Cloud computing created the clearest historical parallel to AI. It commoditized parts of on-prem administration, but also created higher-value roles such as cloud architect, cloud engineer, migration specialist, and cloud security specialist. The technicians who adapted became more valuable. The ones who did not were replaced by the ones who did.

What happened to break-fix technicians when managed services emerged?

The break-fix to managed services transition shifted technicians from reactive hourly work to proactive monitoring, patch management, and configuration. The technology did not eliminate the technician. It raised the bar for which technicians could compete.

What is an MSP AI transformation strategy for technicians?

At the technician level, an MSP AI transformation strategy has three parts: understand what AI is automating in the current role, build skills above the automatable zone, and become one of the people who delivers AI services to clients rather than only performing traditional IT support.

How do MSPs use AI to handle tier-one tickets?

MSPs use AI ticketing platforms to handle common tier-one requests such as password resets, basic diagnostics, standard ticket routing, and automated status updates. The routine queue shrinks, and technicians handle the tickets that require judgment. The best MSPs redeploy technician time toward higher-value work instead of simply shrinking headcount.

What is AI demand in SMBs and how does it affect MSP staffing?
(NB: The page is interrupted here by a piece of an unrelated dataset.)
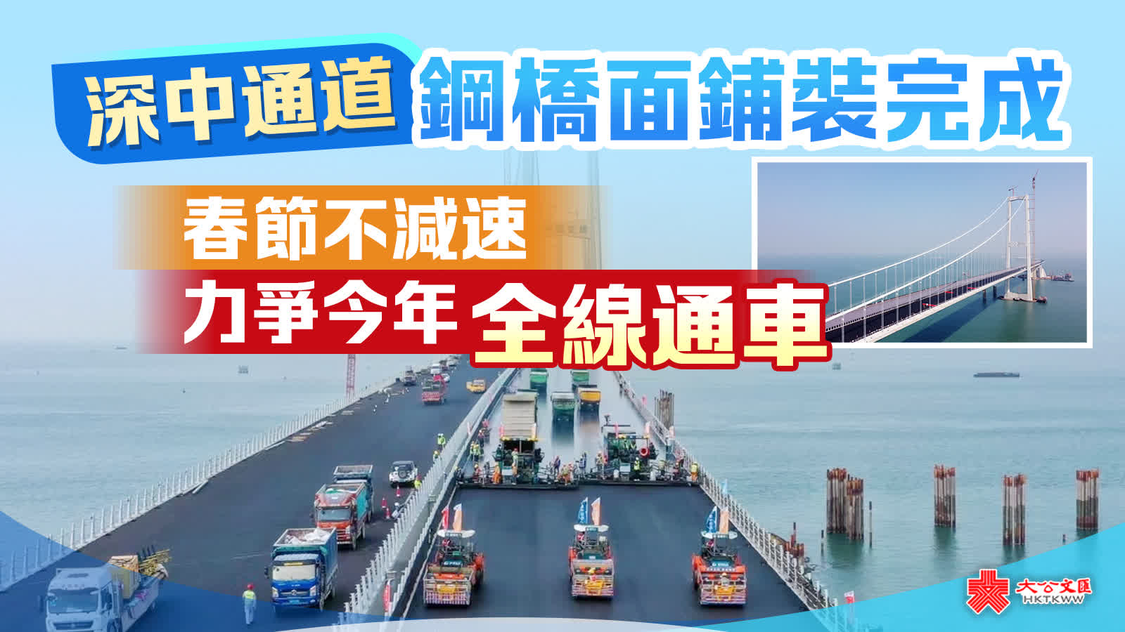 (大公文匯網 記者 方俊明)粵港澳大灣區「超級工程」深中通道建設迎新突破!記者今天(12日)從廣東交通集團獲悉,目前深中通道完成全部鋼橋面鋪裝施工。隨着深中通道伶仃洋大橋「東洩洪區右幅瀝青」攤鋪結束,深中通道鋼橋面鋪裝圓滿完成,同時標誌着世界上最大規模的「熱拌環氧瀝青鋼橋面鋪裝工程」高質量完工,力爭今年全線建成通車。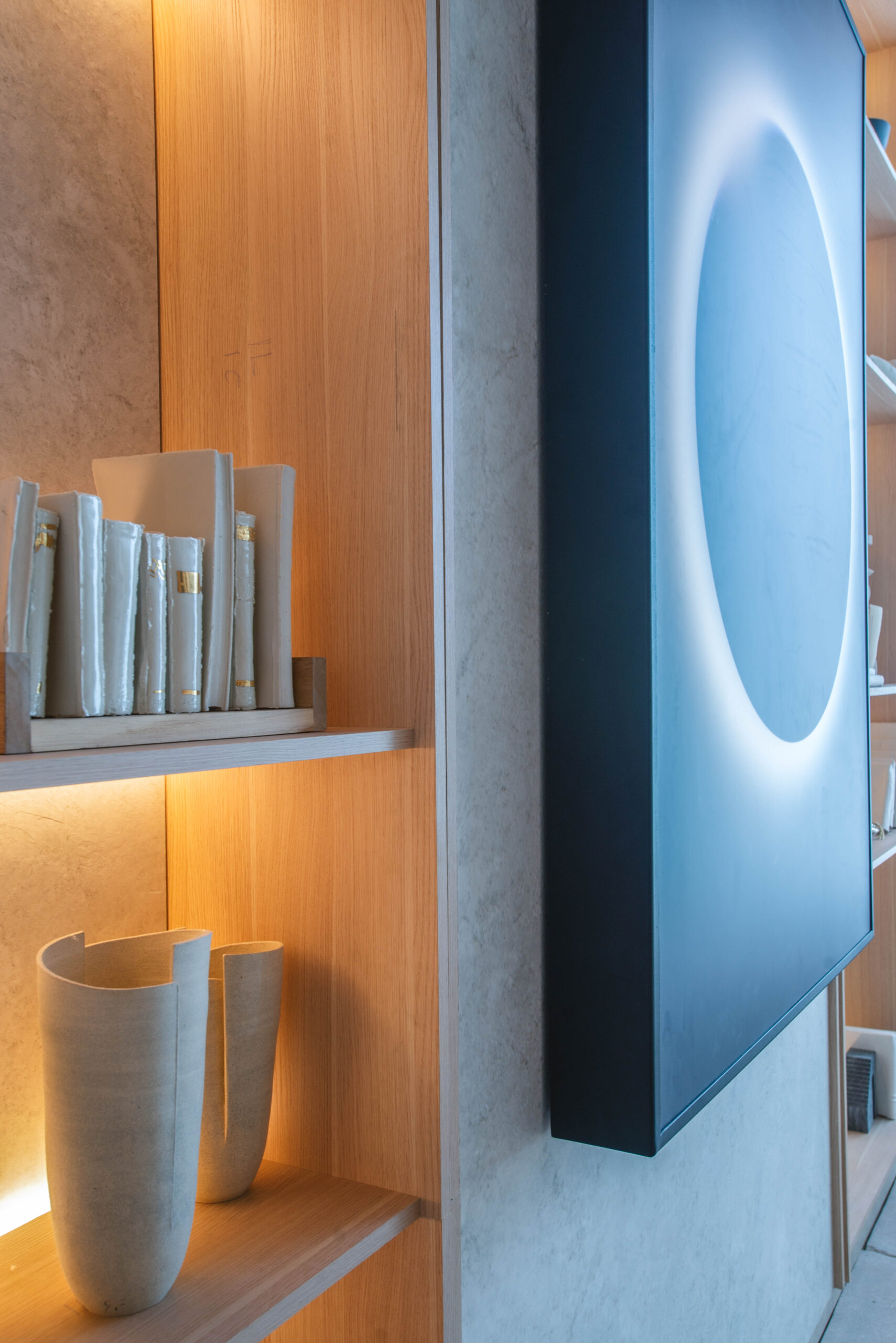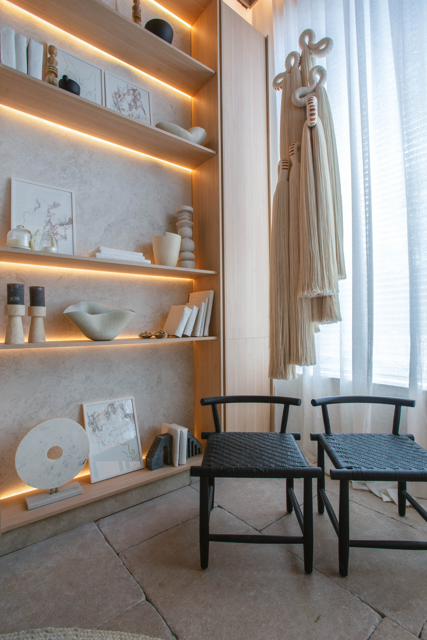legí Neolith porque evocaban la tranquilidad que buscaba para este ambiente. La placa de Neolith utilizada, White Sands, aporta una textura muy natural y un color blanco pacífico, perfecto para reforzar la atmósfera silenciosa y luminosa del lugar.Además, la experiencia de trabajar con Casa Diseño fue excelente: desde el apoyo en el diseño, la resolución de todas las soluciones técnicas del mobiliario en tiempo récord, hasta la instalación impecable. Cada detalle y cada material aportaron de manera fundamental a lograr este espacio pacífico y armónico.

SMB AI demand creates a new workload category for MSPs. As clients ask for help with Copilot deployment, AI governance, acceptable use policies, and data classification, MSPs need technicians who can deliver those services. The required skills are different from traditional tier-one work, but the staffing need does not disappear.

What certifications or skills are most valuable for IT professionals in the AI era?

For MSP technicians in Microsoft environments, Microsoft 365 Copilot and Agent Administration Fundamentals is a directly relevant credential. Skills in Microsoft Purview, SharePoint permissions management, sensitivity labels, DLP policy configuration, and security and compliance administration also map directly to AI governance work.